## Dataset records:
****************************************
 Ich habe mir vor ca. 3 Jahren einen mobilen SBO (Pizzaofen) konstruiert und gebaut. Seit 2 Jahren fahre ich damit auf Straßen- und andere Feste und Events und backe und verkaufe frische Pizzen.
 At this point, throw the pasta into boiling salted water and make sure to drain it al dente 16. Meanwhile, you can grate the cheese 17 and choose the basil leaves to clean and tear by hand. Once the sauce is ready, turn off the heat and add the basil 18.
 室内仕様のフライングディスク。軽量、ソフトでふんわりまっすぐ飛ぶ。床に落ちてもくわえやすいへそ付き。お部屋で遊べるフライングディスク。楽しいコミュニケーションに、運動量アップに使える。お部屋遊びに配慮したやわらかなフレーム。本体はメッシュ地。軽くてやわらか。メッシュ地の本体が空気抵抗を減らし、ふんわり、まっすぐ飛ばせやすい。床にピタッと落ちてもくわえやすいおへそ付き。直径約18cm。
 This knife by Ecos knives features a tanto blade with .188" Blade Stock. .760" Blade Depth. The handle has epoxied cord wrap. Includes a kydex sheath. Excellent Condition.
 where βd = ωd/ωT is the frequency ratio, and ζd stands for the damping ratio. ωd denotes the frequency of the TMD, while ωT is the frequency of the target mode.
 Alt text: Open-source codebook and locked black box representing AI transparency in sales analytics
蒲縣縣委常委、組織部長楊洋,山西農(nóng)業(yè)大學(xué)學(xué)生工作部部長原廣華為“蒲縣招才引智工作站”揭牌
****************************************
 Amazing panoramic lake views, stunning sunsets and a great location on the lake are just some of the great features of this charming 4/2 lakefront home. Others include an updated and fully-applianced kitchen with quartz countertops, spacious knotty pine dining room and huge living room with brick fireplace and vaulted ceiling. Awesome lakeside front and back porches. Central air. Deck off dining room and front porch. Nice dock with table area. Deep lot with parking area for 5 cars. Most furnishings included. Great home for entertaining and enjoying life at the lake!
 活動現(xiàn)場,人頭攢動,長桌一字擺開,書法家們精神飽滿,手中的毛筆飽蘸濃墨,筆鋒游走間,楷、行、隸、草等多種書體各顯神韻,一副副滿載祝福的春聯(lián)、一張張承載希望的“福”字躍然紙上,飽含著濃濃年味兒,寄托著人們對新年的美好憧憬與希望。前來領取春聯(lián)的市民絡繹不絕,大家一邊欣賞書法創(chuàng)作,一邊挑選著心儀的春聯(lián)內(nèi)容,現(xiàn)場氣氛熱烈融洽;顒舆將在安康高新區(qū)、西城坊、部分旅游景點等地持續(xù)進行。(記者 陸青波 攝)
****************************************
## Directions for this task:
Among the records above, repeat exactly the line with "Ich habe mir", the line with "蒲縣縣委常委、組織部長楊洋,山西農(nó", and every line in between, and only those.

## Answer for the task:
 Ich habe mir vor ca. 3 Jahren einen mobilen SBO (Pizzaofen) konstruiert und gebaut. Seit 2 Jahren fahre ich damit auf Straßen- und andere Feste und Events und backe und verkaufe frische Pizzen.
 At this point, throw the pasta into boiling salted water and make sure to drain it al dente 16. Meanwhile, you can grate the cheese 17 and choose the basil leaves to clean and tear by hand. Once the sauce is ready, turn off the heat and add the basil 18.
 室内仕様のフライングディスク。軽量、ソフトでふんわりまっすぐ飛ぶ。床に落ちてもくわえやすいへそ付き。お部屋で遊べるフライングディスク。楽しいコミュニケーションに、運動量アップに使える。お部屋遊びに配慮したやわらかなフレーム。本体はメッシュ地。軽くてやわらか。メッシュ地の本体が空気抵抗を減らし、ふんわり、まっすぐ飛ばせやすい。床にピタッと落ちてもくわえやすいおへそ付き。直径約18cm。
 This knife by Ecos knives features a tanto blade with .188" Blade Stock. .760" Blade Depth. The handle has epoxied cord wrap. Includes a kydex sheath. Excellent Condition.
 where βd = ωd/ωT is the frequency ratio, and ζd stands for the damping ratio. ωd denotes the frequency of the TMD, while ωT is the frequency of the target mode.
 Alt text: Open-source codebook and locked black box representing AI transparency in sales analytics
蒲縣縣委常委、組織部長楊洋,山西農(nóng)業(yè)大學(xué)學(xué)生工作部部長原廣華為“蒲縣招才引智工作站”揭牌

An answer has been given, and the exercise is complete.